Sermon–March 16, 2014–Lent 2A

Second Sunday in Lent A
Preached at Faith Lutheran Church, Three Lakes, WI.

Genesis 12:1-4a
Psalm 121
Romans 4:1-5, 13-17
John 3:1-17

In 1975, Bill Hybels met with 125 other people in Willow Creek Theatre in Palatine, IL, and organized a new church. Over the next 35 years, the church grew and grew until over 20,000 people were worshiping there every week.

The secret to getting more people following Jesus, they said, was to first get them in the door. That’s the hard part. Once in the door, you cater programs and services to them which engage them as they are. Figure out what drives them, what they want and desire, and build your church and your programs around that.

Using this system, Willow Creek experienced this remarkable growth in membership. The numbers were there, and where there were numbers, good things happened.

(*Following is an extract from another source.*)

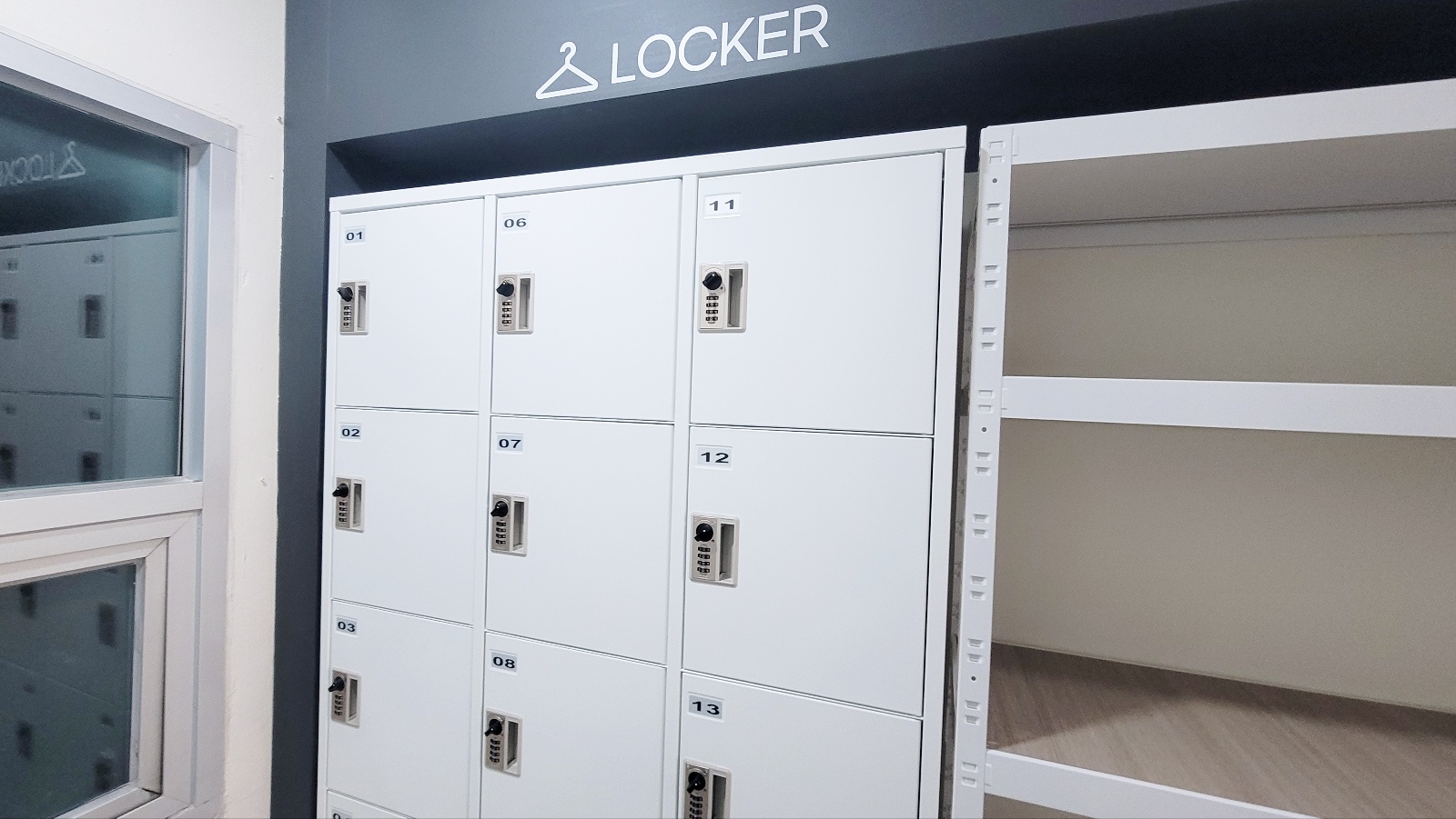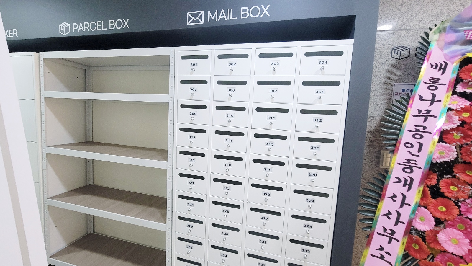 옷이나 다른걸 잠시 넣어두실 수 있는 락커와 택배함, 메일함이 있습니다.
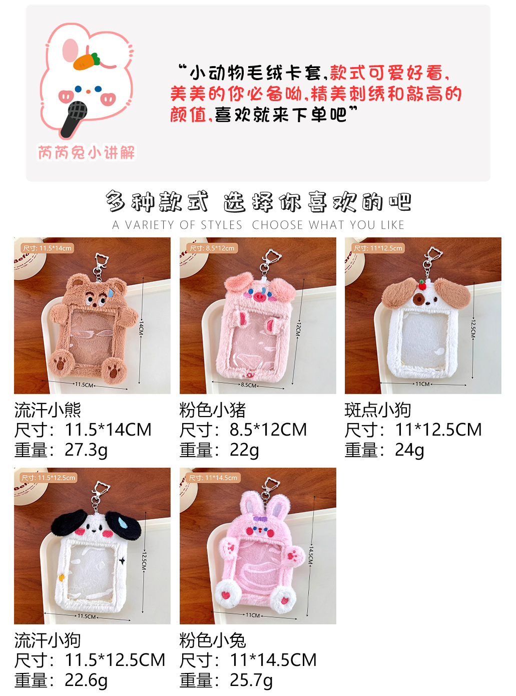 | Colores | 1 # oso sudoroso,2 # Cerdito rosa,4 # Conejito rosa,1 # funda de tarjeta de felpa de melón,2 # Tarjeras de fresa-felpa,4 # Cubierta de tarjetas de felpa de perro blanco |

Then, in 2007, Willow Creek released the results of a multi-year study of their programs, practices, and the spiritual health of their members. The results of that study could be summed up in three little words:

We were wrong.

What Willow Creek discovered was that their method, their system that they had designed themselves, the system that succeeded in bringing 20,000 people through the doors every week did very little to actually grow the faith of the people. The people they attracted, whom they targeted with carefully crafted programs and services, to whom they advertised as if they were consumers, never made the leap into being active disciples in the faith.

They had filled the building with people, but as many as they brought in each year, the same number were leaving out the back, weary of the product that brought them there. An obsession with numbers was killing the church.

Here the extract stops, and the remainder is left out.